Caputo and coworkers noted that when torticollis is the consequence of disturbed function of the extraocular muscles it disappears when the infant is placed into the supine position or when one eye is occluded (561).

Considerable debate surrounds the treatment of congenital torticollis. However, the majority of clinicians opts for early physical therapy measures such as stretching and massage rather than surgical sectioning of the sternocleidomastoid muscle, removal of the tumor, or a combination of the two procedures (562). With physical therapy, the torticollis resolves in 70% of children by 12 months of age regardless of its severity or the presence or absence of focal fibrosis (563).

Acquired torticollis most commonly is associated with an infratentorial tumor. It also can be seen with colloid cysts of the third ventricle, syringomyelia, and spinal cord tumors. On rare occasions, it develops in the course of a progressive muscular disease.
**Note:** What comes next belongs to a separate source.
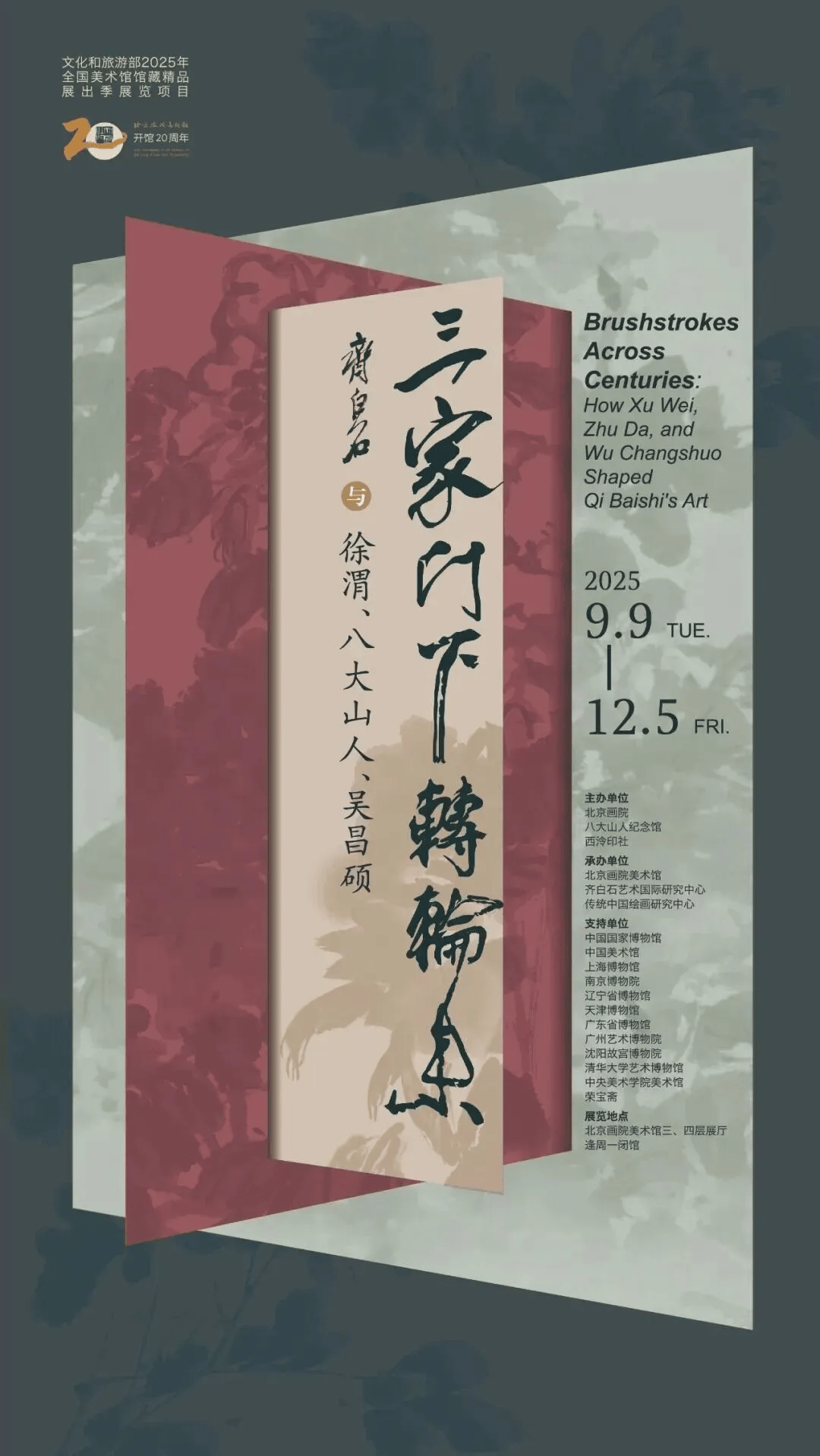 展览以齐白石对三家的致敬与师学为轴,展出了徐渭、八大山人、吴昌硕、齐白石作品70余件套,通过“百代同辉”“萍翁造化”“缶庐铁笔”“青藤雪个”四个单元,梳理了中国大写意花鸟画自明清至近现代的风格演进。

The association of torticollis with hiatus hernia and gastroesophageal reflux (Sandifer syndrome) was first reported by Kinsbourne (564). Torticollis can be present at birth; generally, no shortening of the sternocleidomastoid muscle occurs.

Spasmodic torticollis, occurring in isolation or progressing to a focal, segmental, or generalized dystonia, is rare during childhood. This condition is discussed to a greater extent in Chapter 3.

Paroxysmal torticollis is characterized by recurrent episodes of head tilting starting in infancy. These episodes are sometimes accompanied by vomiting and ataxia. The EEG and caloric tests during an attack are usually normal. Generally, symptoms subside within a few hours or days. Attacks occur at monthly intervals, and the condition remits spontaneously within a few years or is replaced by vertigo or migraine (565,566). A family history of similar attacks is not uncommon, and in some families there is a linkage to a calcium-channel gene (CACNA1A) (566).